Les transports consomment environ 70 pour cent du carburant total importé dans la région du Pacifique, le transport maritime étant le principal consommateur de carburant dans certains pays.

Cette dépendance rend les pays du Pacifique extrêmement vulnérables à toute perturbation affectant les flux mondiaux de pétrole et de gaz, en particulier sur les marchés asiatiques qui fournissent ou raffinent le carburant de la région.

Pendant ce temps, de nombreux pays dépendent presque entièrement du carburant. « Tuvalu se situe définitivement au bout de la chaîne d’approvisionnement et plus de 90 pour cent de son énergie provient du carburant diesel », a déclaré Mme Altangerel.

Elle a ajouté que le PNUD envisageait la « solarisation de l’île entière » dans le cadre d’une réponse à long terme, soulignant que le choc actuel souligne l’urgence de réduire la dépendance au diesel importé.

Les gouvernements prennent des mesures pour contenir les conséquences

Partout dans le Pacifique, le PNUD a déclaré que les gouvernements activaient déjà des mesures d’urgence.

Aux Fidji, le gouvernement a mis en garde les citoyens contre les achats de panique et la thésaurisation dans un contexte de forte hausse des prix du carburant.

Alors que la chaîne d’approvisionnement se poursuit vers d’autres pays du Pacifique à partir des Fidji, plaque tournante régionale de la distribution de carburant, les impacts sont encore plus frappants. Tuvalu a annoncé l’état d’urgence le 14 avril. Les Îles Marshall ont déclaré une urgence économique de 90 jours.

Le gouvernement des Îles Salomon a déclaré que le pays détenait entre 40 et 50 jours de carburant sur place.

Vanuatu a mis en garde contre une hausse des prix de l’électricité, tandis que Palau, Nauru et Kiribati réfléchissent également à leurs réponses.

Les communautés ressentent la pression

Pour les ménages, la crise est bien réelle, de nombreuses communautés étant déjà confrontées à des pannes de courant et à une instabilité des services.

À Tuvalu, « nous avons compris que les communautés subissent déjà des coupures de courant quotidiennes », a déclaré Mme Altangerel.
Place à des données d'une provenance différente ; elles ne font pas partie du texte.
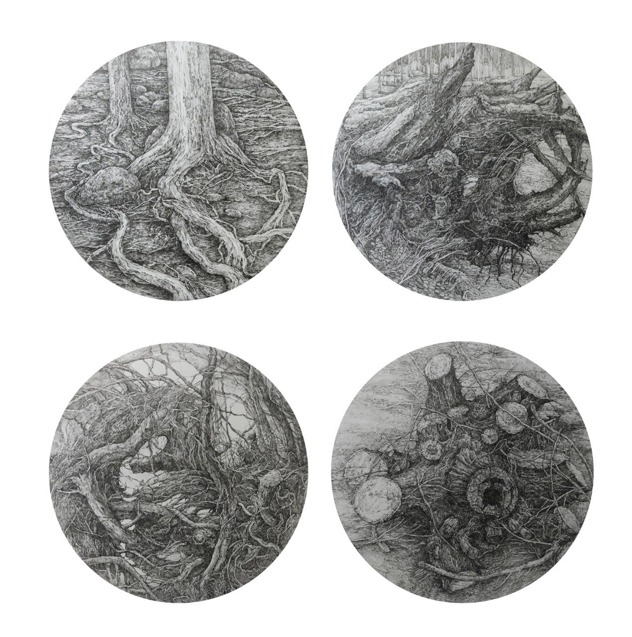 Branches and tree trunks intertwined convey a unique state of searching for a path to understanding and acceptance.

Des habitants de Vanuatu, dans le sud-ouest du Pacifique, installent des panneaux solaires sur un toit.

Elle a ajouté que les coupures d’électricité touchent également certaines parties des Fidji, même si ce pays fait partie des économies les plus grandes et les mieux préparées du Pacifique.
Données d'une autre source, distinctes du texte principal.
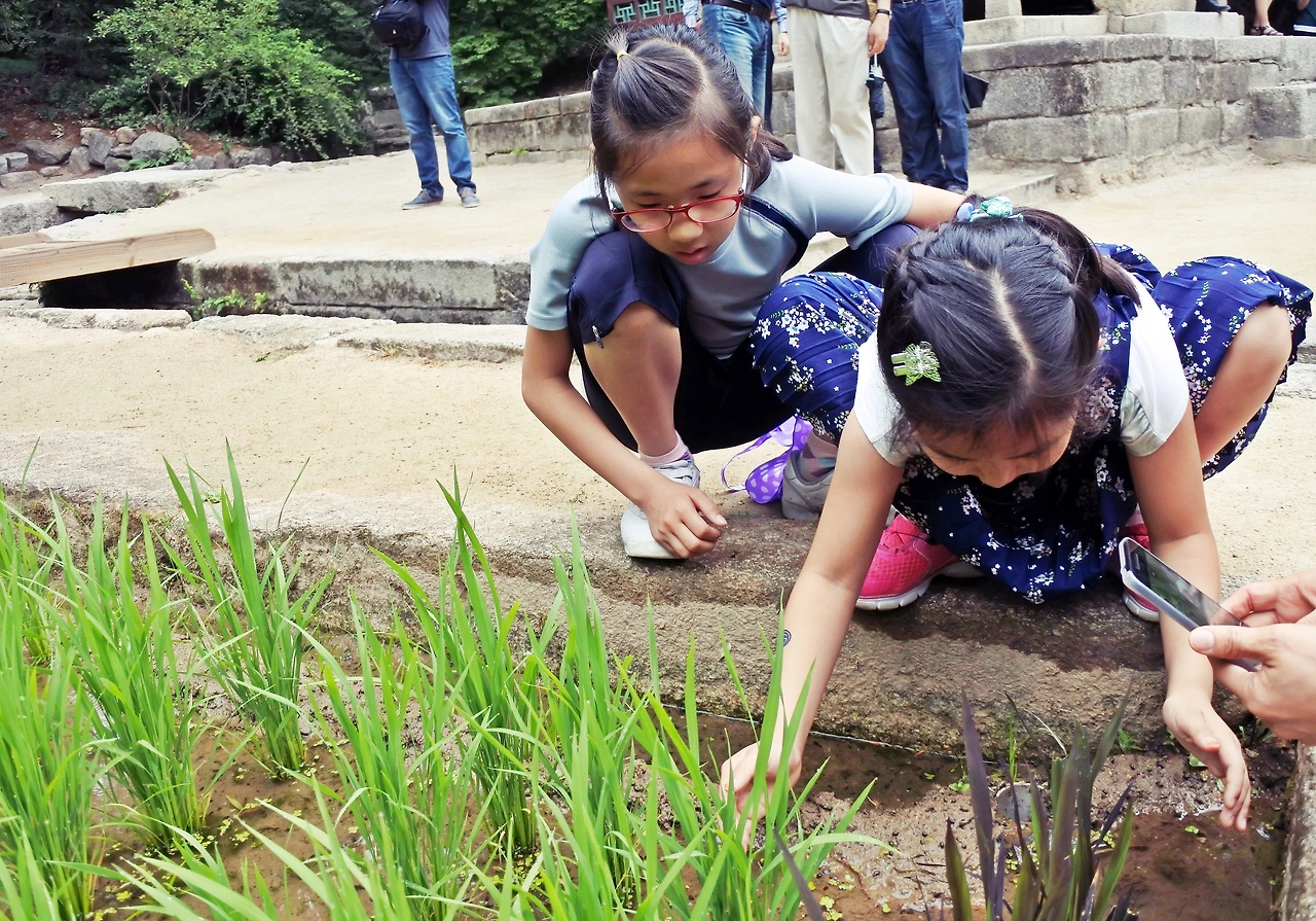 따님들이 올챙이를 잡아보겠다고 애쓰는 사이,

Ces défis sont aggravés par les récents cyclones qui ont frappé Fidji et les Îles Salomon.

Point d’étranglement

Mais le responsable du PNUD a averti que le test le plus important pourrait encore être à venir si les prix augmentent encore en mai et au-delà.

« La dernière chose que nous souhaitons, c’est qu’en raison de la crise énergétique qui sévit partout dans le monde, ce travail critique s’arrête », a-t-elle déclaré.
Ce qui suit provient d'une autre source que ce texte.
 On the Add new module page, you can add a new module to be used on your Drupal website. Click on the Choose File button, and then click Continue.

Parlant du plan d’adaptation côtière de Tuvalu, qui vise à protéger l’île de la montée du niveau de la mer, elle a déclaré que « cela aura certainement un impact sur le travail important que nous accomplissons ».

Pour les pays insulaires du Pacifique, le message est clair : ce qui commence comme une crise dans un point de passage obligé éloigné peut rapidement se transformer en une crise de l’accessibilité financière et de l’approvisionnement en électricité, coupant les communautés insulaires vulnérables du reste du monde et atténuant les risques liés aux pressions climatiques liées à l’élévation du niveau de la mer et aux événements météorologiques extrêmes.